October 22, 2015 6:57 AM   Subscribe

There are artists set up in larger parks in NYC--like Central Park--who will draw you if you pay them. They have on display drawings they've done of celebrities. They are all in precisely, eerily, the same style. Why? How?

Is there a school that all these people attend and learn a method to draw in this very specific style, with the end goal being a career as a sidewalk portraitist? I can't think of any other way all of these artists draw people exactly the same. I've noticed this for about 15 years. Can someone elucidate?
posted by millipede to Grab Bag (6 answers total) 2 users marked this as a favorite
 
Are you talking about caricatures? Because that in itself is a very specific style.
posted by roomthreeseventeen at 7:20 AM on October 22, 2015 [3 favorites]


Because it's fast.
posted by Bruce H. at 7:48 AM on October 22, 2015


Response by poster: I am not talking about caricatures. I am talking about this: link
posted by millipede at 8:13 AM on October 22, 2015


Choice of media is important to what you think of as "style". People choosing to use the same mark-making tools on the same surface are going to tend to produce similar work; I myself use a radically different medium from most artists, which creates unique work, but when I pick up a brush and ink traditionally, people say my stuff looks like a completely different artist!

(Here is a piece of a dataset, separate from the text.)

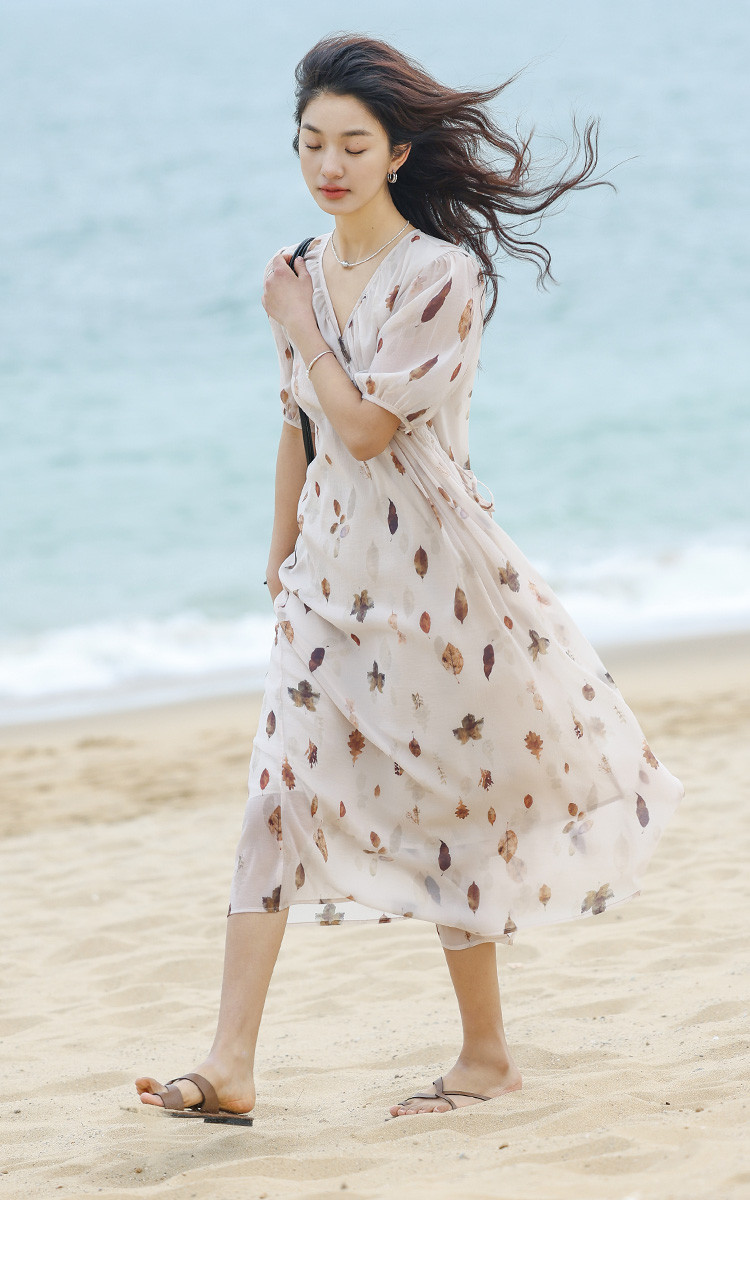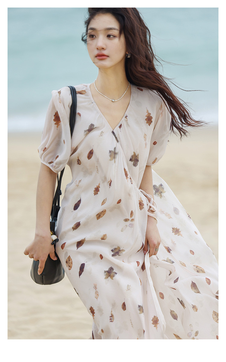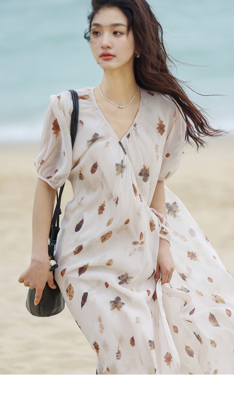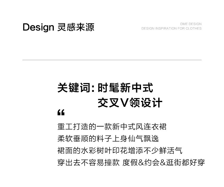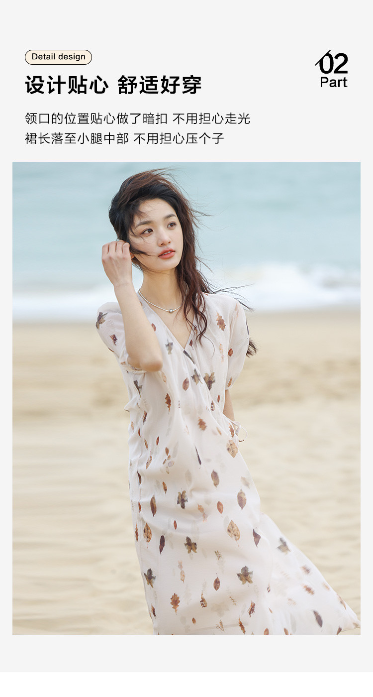 商品名称:【新中式连衣裙】夏款交叉V领树叶印花个性小众舒适长裙 303170

I can't speak to the particular situation of NYC parks, but a lot of the time what looks to be a single artist may be part of a larger company that has multiple people trained in a particular approach. For the most part though, the image you posted just looks like a fairly ordinary quick charcoal study, based in techniques you'd learn in life drawing class.
posted by egypturnash at 9:47 AM on October 22, 2015


It's just a standard "classical" drawing style, done with some flair with a graphite stick. They all look like that because they all look "right", and Bruce H. is correct, too—because it's fast.
posted by interrobang at 9:49 AM on October 22, 2015


Nthing fast. Also, the sort of people who do this want a drawing that is a good likeness. They aren't looking for a portrait in the style of the Cubists, or Anime, or whatever. Photorealistic is a huge compliment coming from these artists' audience.

I'd be more likely to sit for a street portraitist who did something far out and crazy, but I'm not most tourists prowling Times Square trying to find a way to throw away my money.